*** Opening DATASET ***

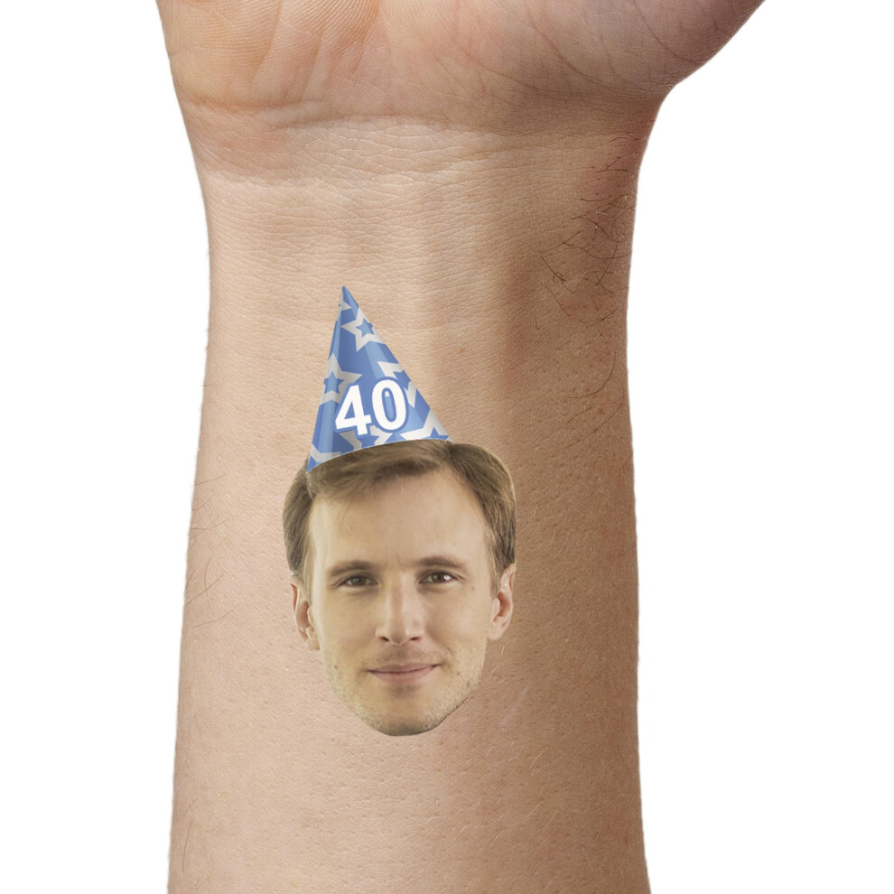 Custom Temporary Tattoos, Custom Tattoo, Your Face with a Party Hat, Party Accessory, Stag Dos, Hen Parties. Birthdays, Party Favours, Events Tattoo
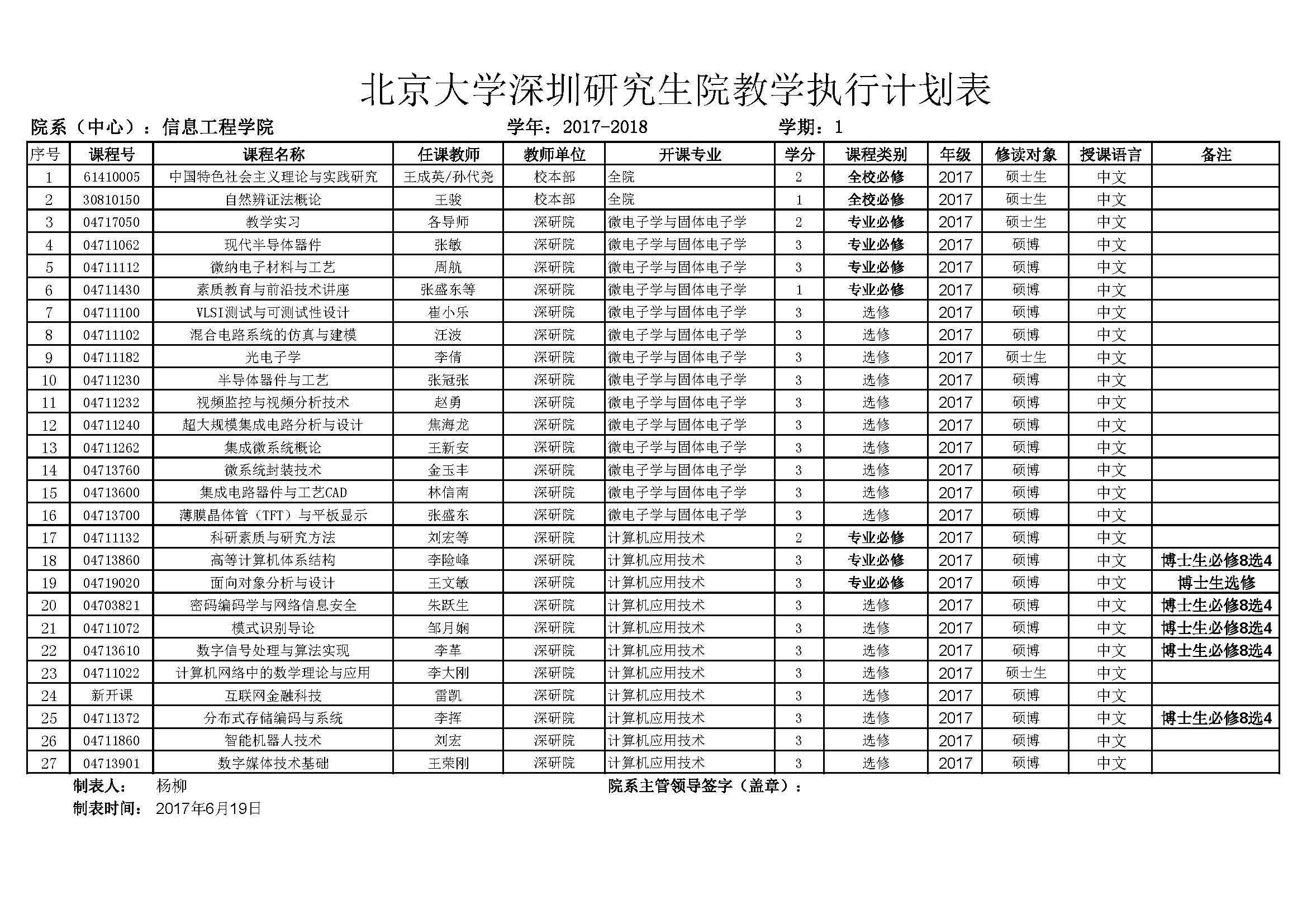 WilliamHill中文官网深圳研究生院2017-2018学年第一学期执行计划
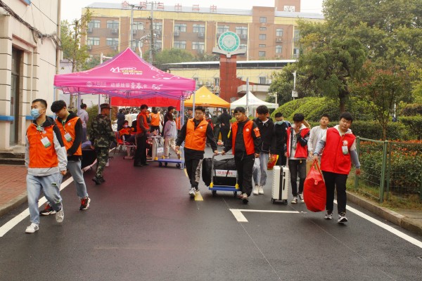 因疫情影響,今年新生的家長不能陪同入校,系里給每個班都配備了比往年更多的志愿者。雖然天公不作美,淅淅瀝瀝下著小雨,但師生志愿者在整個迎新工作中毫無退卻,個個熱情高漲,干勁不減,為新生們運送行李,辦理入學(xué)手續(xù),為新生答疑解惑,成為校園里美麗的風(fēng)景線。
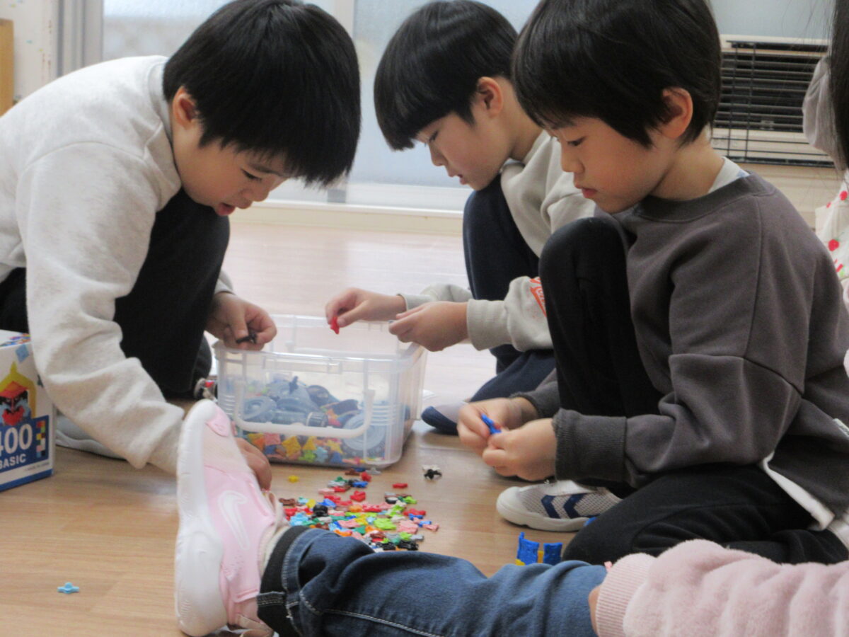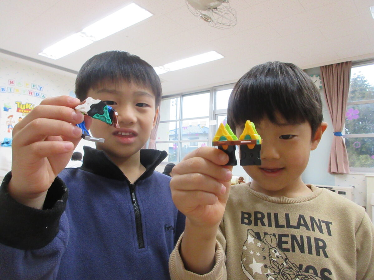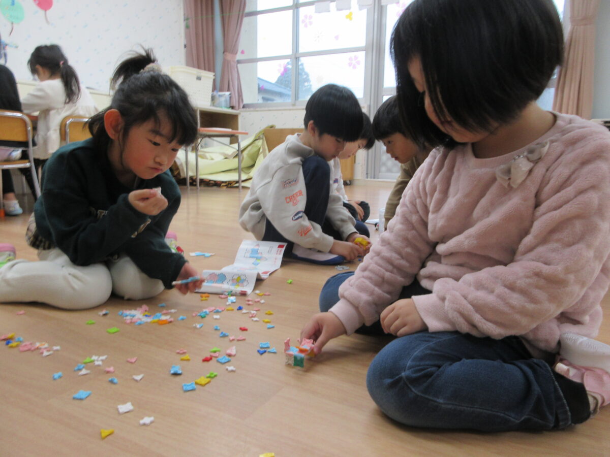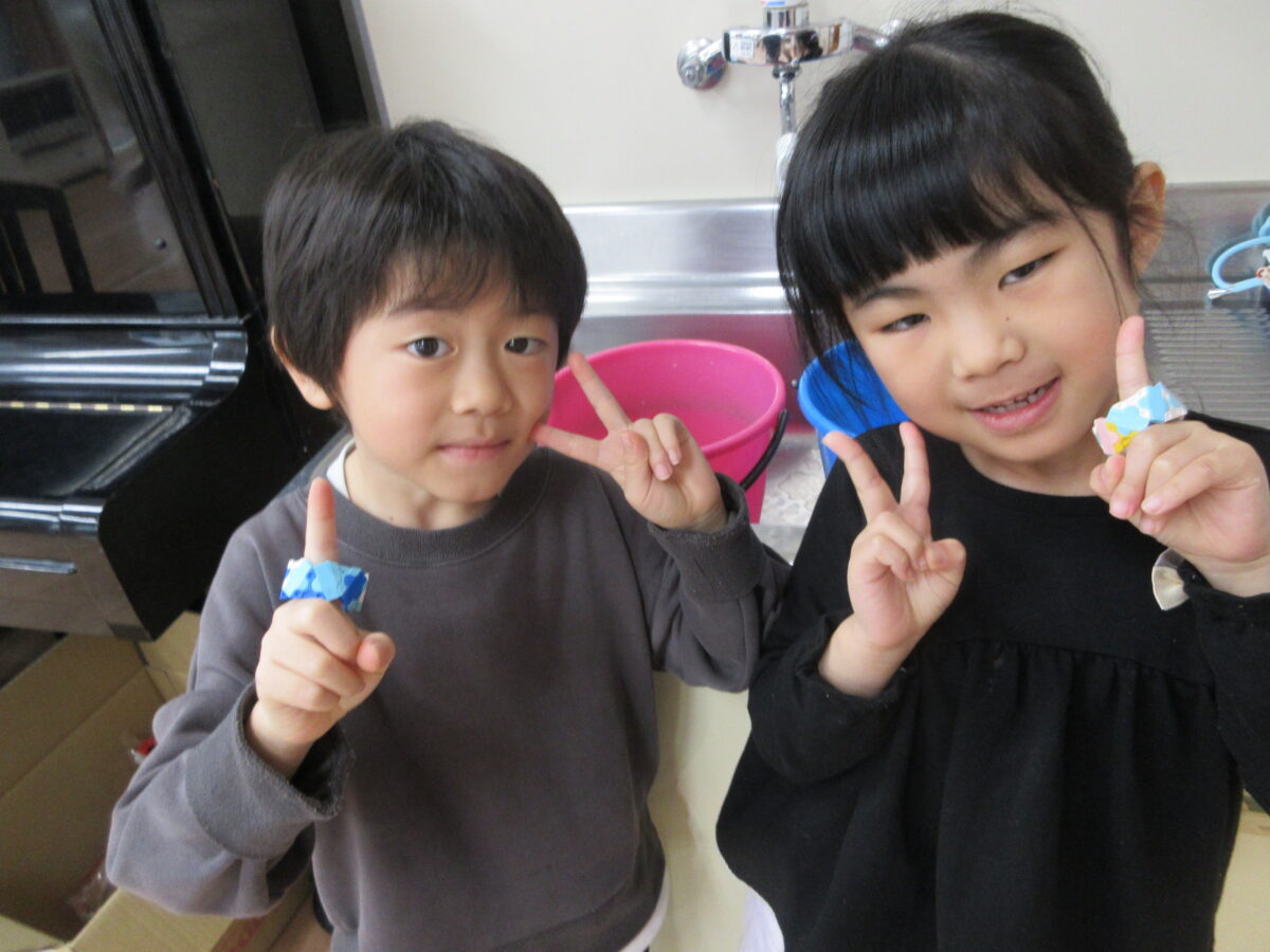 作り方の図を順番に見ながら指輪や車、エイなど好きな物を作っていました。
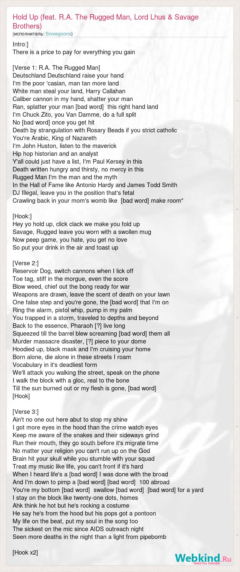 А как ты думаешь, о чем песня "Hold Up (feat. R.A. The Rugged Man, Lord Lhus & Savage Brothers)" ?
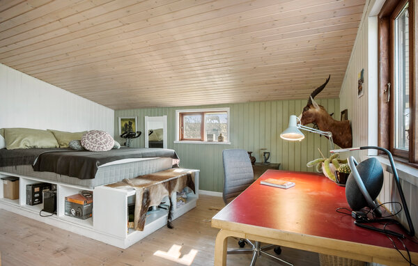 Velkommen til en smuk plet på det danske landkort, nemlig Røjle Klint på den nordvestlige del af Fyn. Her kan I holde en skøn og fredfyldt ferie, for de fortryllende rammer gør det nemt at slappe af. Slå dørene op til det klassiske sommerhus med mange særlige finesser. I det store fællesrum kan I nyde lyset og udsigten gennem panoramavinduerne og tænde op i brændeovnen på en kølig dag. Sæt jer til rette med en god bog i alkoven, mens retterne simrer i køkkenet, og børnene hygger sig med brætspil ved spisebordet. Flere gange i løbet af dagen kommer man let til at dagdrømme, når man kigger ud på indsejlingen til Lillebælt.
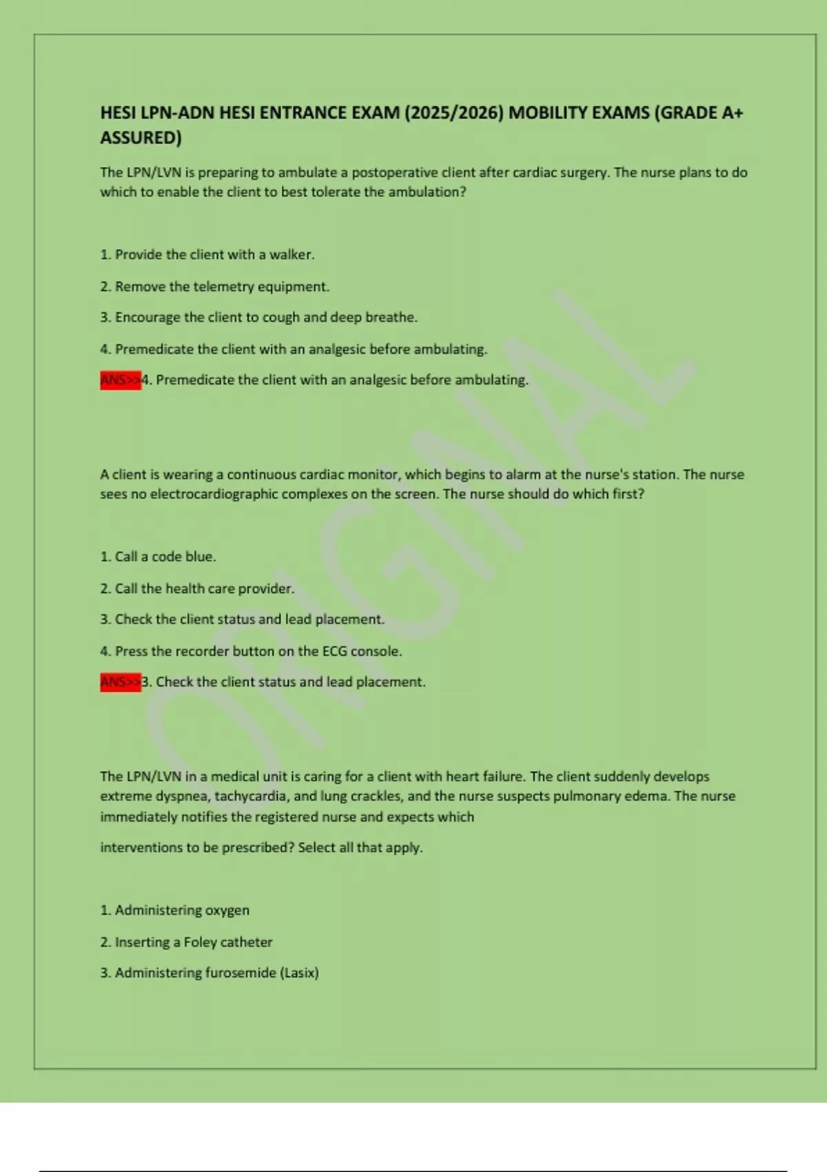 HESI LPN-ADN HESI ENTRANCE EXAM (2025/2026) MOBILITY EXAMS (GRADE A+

*** Closing DATASET ***

### WHAT YOU HAVE TO DO
When you copy the records above, keep every word exact and drop the pictures.

### EXPECTED OUTPUT
 Custom Temporary Tattoos, Custom Tattoo, Your Face with a Party Hat, Party Accessory, Stag Dos, Hen Parties. Birthdays, Party Favours, Events Tattoo
 WilliamHill中文官网深圳研究生院2017-2018学年第一学期执行计划
 因疫情影響,今年新生的家長不能陪同入校,系里給每個班都配備了比往年更多的志愿者。雖然天公不作美,淅淅瀝瀝下著小雨,但師生志愿者在整個迎新工作中毫無退卻,個個熱情高漲,干勁不減,為新生們運送行李,辦理入學(xué)手續(xù),為新生答疑解惑,成為校園里美麗的風(fēng)景線。
 作り方の図を順番に見ながら指輪や車、エイなど好きな物を作っていました。
 А как ты думаешь, о чем песня "Hold Up (feat. R.A. The Rugged Man, Lord Lhus & Savage Brothers)" ?
 Velkommen til en smuk plet på det danske landkort, nemlig Røjle Klint på den nordvestlige del af Fyn. Her kan I holde en skøn og fredfyldt ferie, for de fortryllende rammer gør det nemt at slappe af. Slå dørene op til det klassiske sommerhus med mange særlige finesser. I det store fællesrum kan I nyde lyset og udsigten gennem panoramavinduerne og tænde op i brændeovnen på en kølig dag. Sæt jer til rette med en god bog i alkoven, mens retterne simrer i køkkenet, og børnene hygger sig med brætspil ved spisebordet. Flere gange i løbet af dagen kommer man let til at dagdrømme, når man kigger ud på indsejlingen til Lillebælt.
 HESI LPN-ADN HESI ENTRANCE EXAM (2025/2026) MOBILITY EXAMS (GRADE A+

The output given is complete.